Author: Alejandra Gonzalez-Beltran
Contributors: Eamonn Maguire, Milo Thurston, Philippe Rocca-Serra, Susanna-Assunta Sansone
Managing data, i.e. generating data and annotating data, involves a wide set of skills ranging from knowledge about the data in the specific domain being considered, plus general expertise on data management, enabling the storage, interpretation, preservation and re-use of data.
This tutorial will explore some of the concepts, required skills and available software tools useful for managing the data and metadata — or data about the data — maintained in tables, i.e. in spreadsheet programs.
The last decade has seen a massive increase on the biological data being generated.
Considering DNA sequencing technologies as an example, there has been an impressive improvement in instruments capacity during the last ten years, when moving from Sanger-based capillary sequencing methods to next generation, massively parallel sequencing technologies (see Mardis 2011). In addition to the technological enhancements, the sequencing costs have been dropping (see http://www.genome.gov/sequencingcosts/).
Given the large amounts of data being generated, data management skills have become very important while doing research.
Many international funding agencies and regulators have developed policies for data preservation, data management and data sharing.

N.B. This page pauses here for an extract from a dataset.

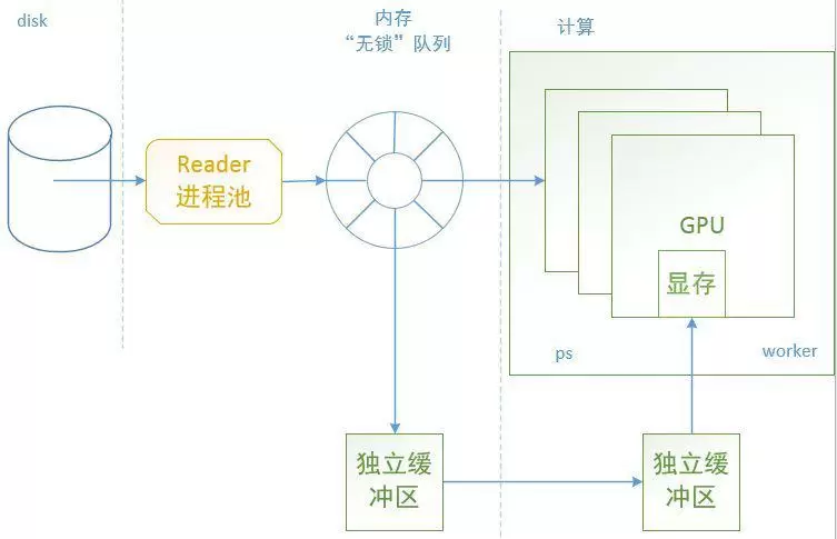 机智团队为解决IO问题,将训练样本集部署在由SSD盘组成的存储系统上,以保证CPU访问数据的带宽不受网络限制;同时,更为关键的是引入了Pipeline机制,该机制将一次训练迭代中的数据读入及处理和模型计算并行起来,在做模型计算的同时做下一轮迭代的数据读取处理并放入自定义“无锁”队列,并通过GPU预取机制提前把处理好的数据从队列中同步到GPU显存中,当做下一轮的模型计算时直接从显存读取数据而不需要再从CPU或磁盘读取,做到将数据读取隐藏,IO和计算并行起来。

One of the objectives of the BioSharing initiative, which we will explore throughout the tutorial, is to compile these policies in the BioSharing Policy Registry
Is there any policy that is relevant to your domain of expertise?
Do you know of any other policy that is not listed? Please, submit your contribution!

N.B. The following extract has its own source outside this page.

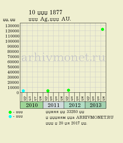 Средняя цена: 33280 рублей (по 4 лотам). Торги по представленной на фото монете состоялись на аукционе Волмар 05 декабря 2013 года. Достигнутая цена на торгах: 123000 рублей.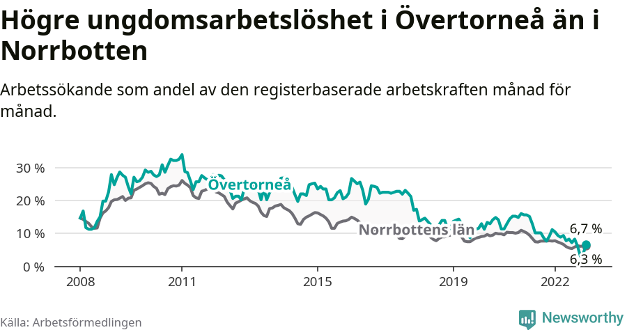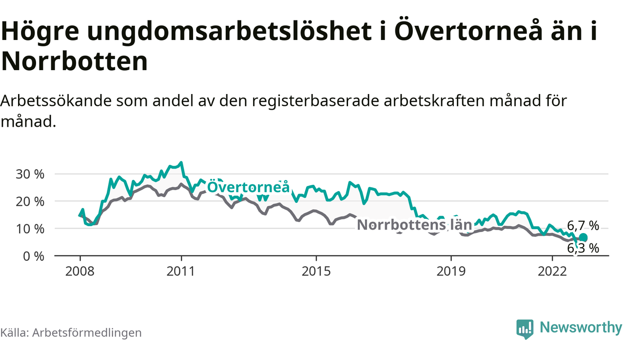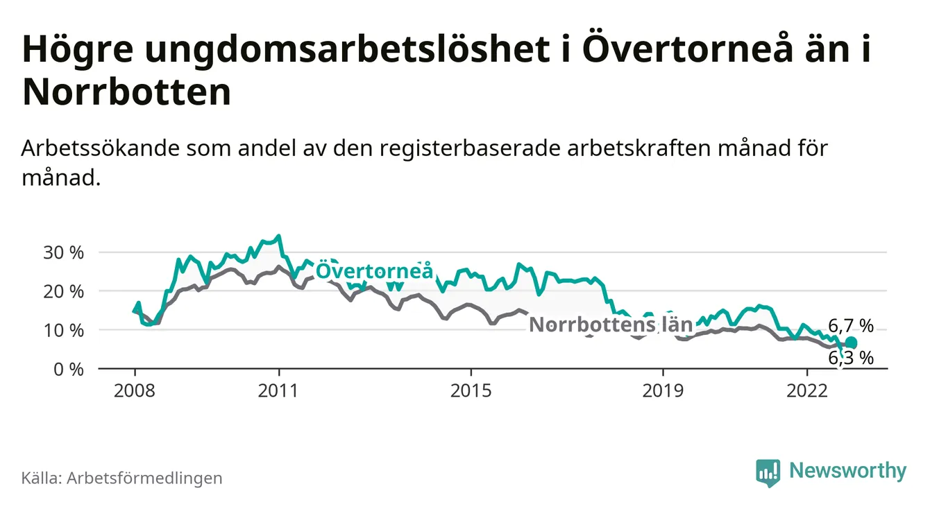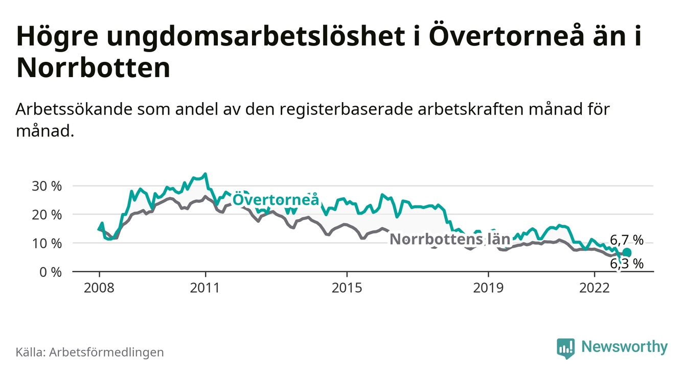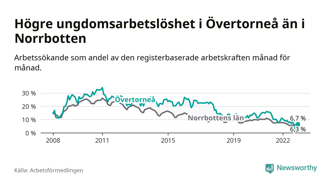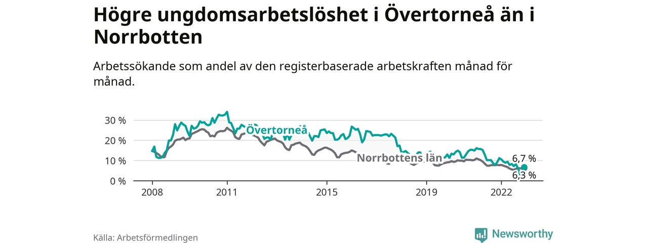 Precis som den totala arbetslösheten ligger ungdomsarbetslösheten i Övertorneå högre än i Norrbotten som helhet. Skillnaden mellan kommunen och länet är 0,4 procentenheter.

Some of the data policies require to write data management plans. In any case, it is important that you have a plan on how you will deal with the data you will generate or collect in your research/work.
What data do you collect or create within your work?

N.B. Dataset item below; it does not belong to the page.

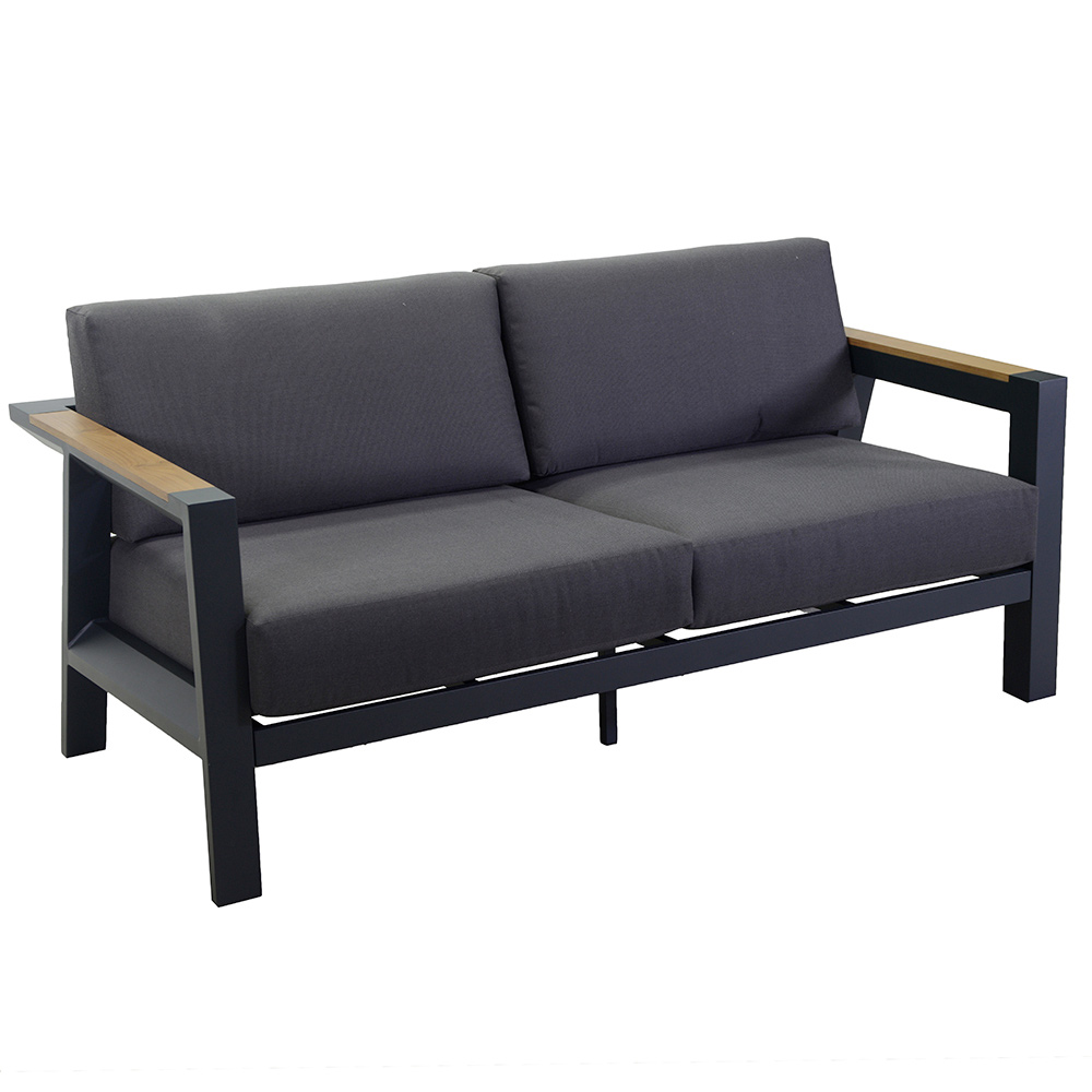 1 canapé : structure en aluminium thermolaqué antirouille anthracite, coussins déperlants en polyester gris foncé, housses et accoudoirs déhoussables en bois TEAK du Brésil

The Data Curation Centre has a checklist for data management plans that is very useful to think about your data needs.
Explore the document and consider your own answers. Focus first on the Data Collection section, as we will be discussing about metadata next: [DCC Data Management Plan Checklist] (http://www.dcc.ac.uk/resources/data-management-plans/checklist)
The data on their own is not enough to understand what the data are about and how they were generated. It is important to record information about the data generation process, not only for sharing the data with other people, but also for being able to understand one’s own data in the future.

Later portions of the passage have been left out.